ZOE (O LAS VISIONES DE UN POETA FRANCÉS, ROMÁNTICO Y DESTERRADO) - CAPÍTULO II (TRANSCRIPCIÓN DE LAS ÚLTIMAS NOTAS DEL DIARIO DE ALAIN DÈPUISSANT)




23 de octubre de 1887, Lorient

No puedo recordar exactamente cómo ocurrió. No puedo hacerlo, y sin embargo hay algo que me dice que fue terrible. La veo, sí, alzada ante el abismo, expresiva, enhiesta, danzando con sus pies descalzos entre el mar y la tierra. Sé que me acerco y la sostengo de nuevo, la beso, la abrazo, rehuye y se altera, se acerca y se aleja, como la marea. Está jugando.
La veo, sí, alzada al filo del abismo, danzando con la muerte, familiarizada con ella.
La veo tropezar y ya no la veo. Ha caído por el despeñadero, muy rápido, como una gota más de lluvia. ¡No, no veo desde aquí su cuerpo! La mar se la ha llevado pronto. Una gaviota extraña, rosácea, planea no muy lejos al ras de las aguas furiosas y se dirige a la escollera de las Esfinges, risco que preside la bahía. Allí va a posarse, en la más alta de las rocas, mirando al horizonte.
¡Oh, maldición!
Me sumo en un desesperado infierno. Inconsciente, empapado por la lluvia traidora, con la vida enajenada para siempre.

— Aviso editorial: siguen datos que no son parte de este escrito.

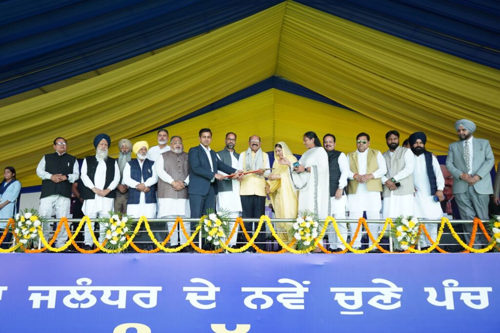 ਜਲੰਧਰ/ਚੰਡੀਗੜ੍ਹ, 19 ਨਵੰਬਰ : ਪੰਜਾਬ ਦੇ ਬਾਗਬਾਨੀ, ਸੁਤੰਤਰਤਾ ਸੈਨਾਨੀ ਅਤੇ ਰੱਖਿਆ ਸੇਵਾਵਾਂ ਭਲਾਈ ਮੰਤਰੀ ਮਹਿੰਦਰ ਭਗਤ ਨੇ ਅੱਜ ਪਿੰਡ ਜੰਡਿਆਲਾ ਦੇ ਖੇਡ ਸਟੇਡੀਅਮ ਵਿਖੇ ਜ਼ਿਲ੍ਹਾ ਪੱਧਰੀ ਸਮਾਗਮ ਦੌਰਾਨ ਨਵੇਂ ਚੁਣੇ ਗਏ ਪੰਚਾਂ ਨੂੰ ਅਹੁਦੇ ਦੀ ਸਹੁੰ ਚੁਕਾਈ। ਸਮਾਗਮ ਦੌਰਾਨ ਜ਼ਿਲ੍ਹੇ ਦੀਆਂ ਨਵੀਆਂ ਚੁਣੀਆਂ ਗਈਆਂ 890 ਗ੍ਰਾਮ ਪੰਚਾਇਤਾਂ ਵਿੱਚੋਂ 5443 ਪੰਚਾਂ ਨੂੰ ਕੈਬਨਿਟ ਮੰਤਰੀ ਵੱਲੋਂ ਅਹੁਦੇ ਦੀ ਸਹੁੰ ਚੁਕਾਈ ਗਈ।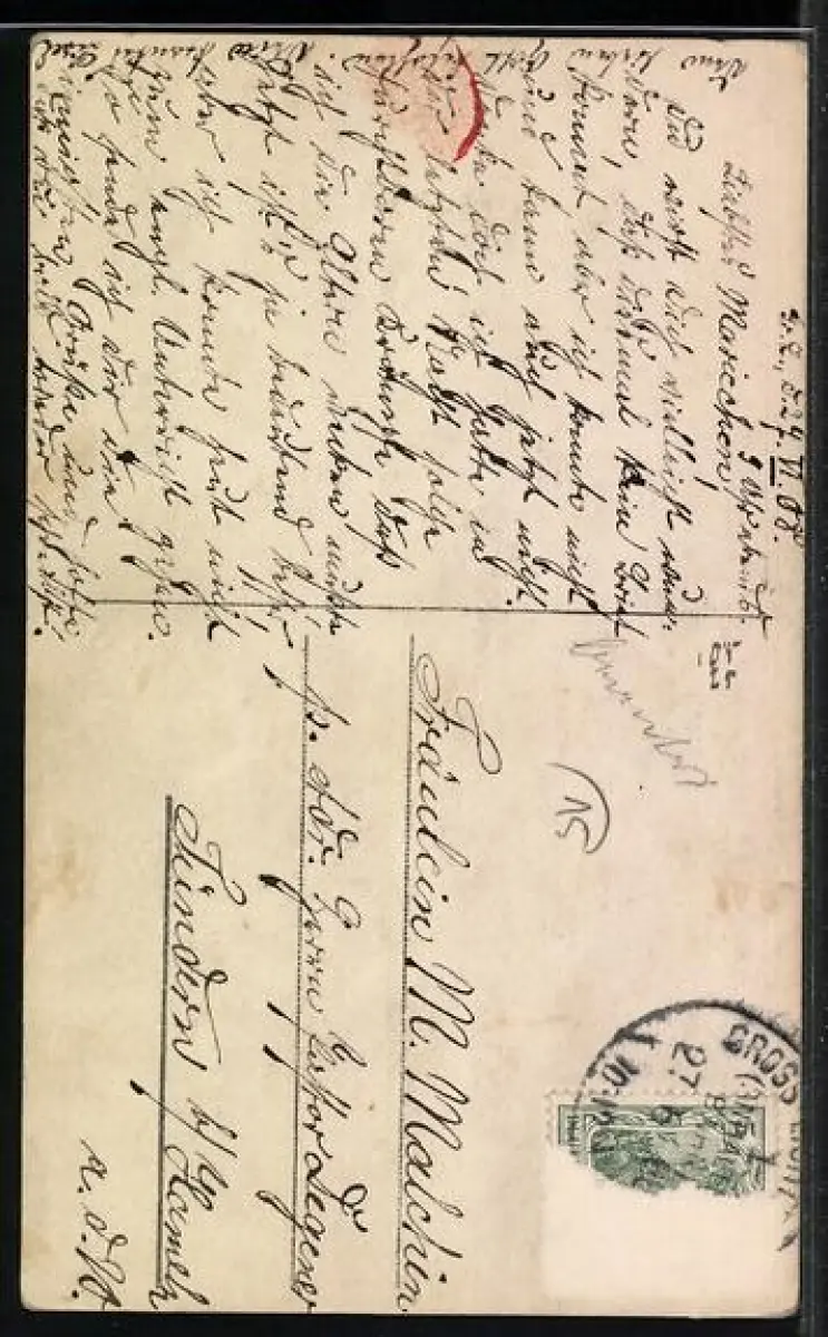 alte Ansichtskarte, gelaufen 1908, Briefmarke entfernt, guter Zustand

El largo regreso a casa fue torturador. La lluvia arreciaba con violencia, el viento amenazaba con tintes de vendaval, el cielo, que empezaba a clarear en el horizonte del océano, bramaba atemorizándome.
Escapé como pude de aquel promontorio de mal augurio; la tierra se había transformado en barro. Al llegar al camino del bosque las hayas deshojadas agitaban sus ramas sarmentosas, movidas por el viento, llorando por ella. Se me imaginaba que incluso estuvieran pidiendo venganza.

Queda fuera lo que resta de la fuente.